Oft legen Demenzkranke alltägliche Gegenstände an den kuriosesten Orten ab – und wundern sich dann, wenn Schlüssel oder Ähnliches «abhanden» kommen.
Bild: Karl-Josef Hildenbrand/dpa/Keystone/Symbolbild

Das Gefühl, gebraucht zu werden

Proske sagt: «Wir müssen uns klar machen: Alles, was ein dementer Mensch macht, hat einen tieferen Grund.» Wenn auch nicht für uns, für ihn selbst sei er vollkommen schlüssig. Portemonnaie, Schlüssel oder Schuhe würden zum Beispiel gern im Kühlschrank deponiert.
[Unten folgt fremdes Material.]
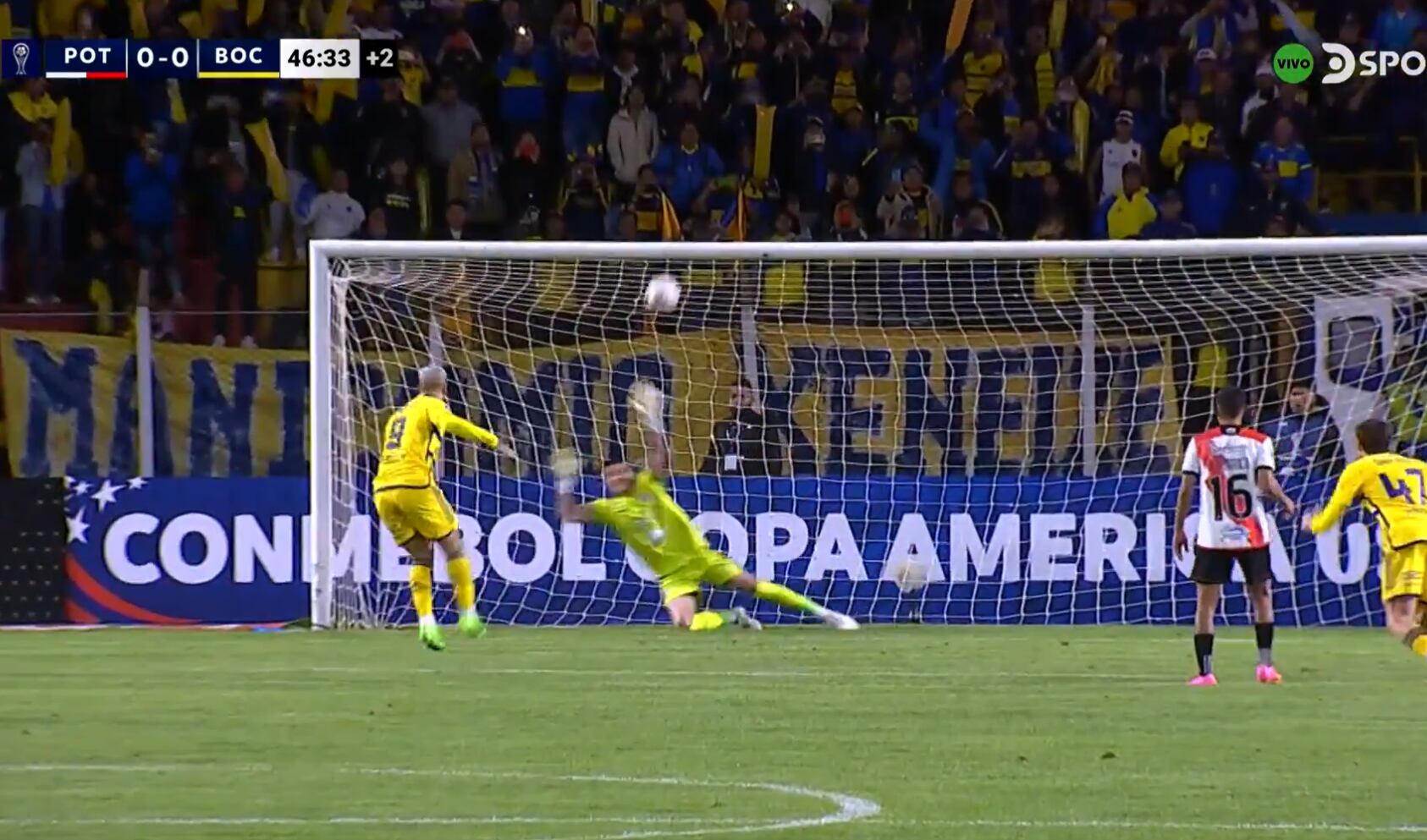 Boca Juniors visita a Nacional Potosí por la fecha 1 del Grupo D de la Copa Sudamericana, este miércoles 03 de abril del 2024. Pocos segundos antes de culminar el primer tiempo, Darío Bendetto tuvo en sus botines el primero de los ‘Xeneizes’ desde los doce pasos. Sin embargo, el delantero argentino estrelló su disparo en el travesaño.
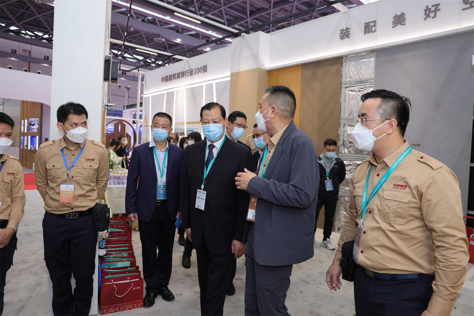 ▲2022年11月25日,中国建筑装饰协会会长王中奇,莅临2022年中国—东盟建筑业暨高品质人居环境博览会—bsports必一体育展厅调研指导
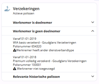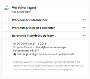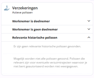 Polissen die al onder ‘Werknemer is deelnemer’ of ‘Werknemer is geen deelnemer’ vallen, worden hier niet dubbel weergegeven. Wanneer er geen relevante historische polissen zijn, wordt een melding weergegeven: ‘Er zijn geen relevante historische polissen gevonden.’.

Dieser werde als ein Schrank wie jeder andere wahrgenommen und enthalte zudem schon etwas Wichtiges: das Essen. «Noch dazu ist er mit Licht ausgestattet – wie praktisch.»

Missachtet werde im Umgang mit Erkrankten oft ein zutiefst menschliches Bedürfnis: das Gefühl, gebraucht zu werden. «Sich nützlich zu fühlen, ist wichtig fürs Selbstwertgefühl, auch bei Dementen», sagt Proske. Es könne schon helfen, einem Maler Tapete und Malzeug zur Verfügung zu stellen oder einen Bauern zu fragen, wie er früher gewirtschaftet habe. «Das Kurzzeitgedächtnis ist zwar weg, aber das Langzeitgedächtnis bleibt, das kann man sich zunutze machen.»

Eine solche Brücke in die Vergangenheit könne auch sein, Senioren nach den Liedern ihrer Kindheit zu fragen, ergänzt Leistra. «Musik ist der Schlüssel zum Herzen vieler Demenzkranker.»

Angehörigen dementer Menschen raten die Experten dringend dazu, Schulungen zu besuchen. «Wissen hilft pflegen», betont Proske. Viele Betroffene würden daheim betreut, sieben Tage die Woche, 24 Stunden am Tag. Familien stiessen da oft an Grenzen, mit unnötigem Geschimpfe, unwirschen Reaktionen oder gar einer ausgerutschten Hand als Folge. «Mit dieser Schuld müssen Sie dann ihr ganzes Leben weiterleben», warnt er. «Das sind unsere Grosseltern und Eltern. Wir müssen uns doch gut um sie kümmern.»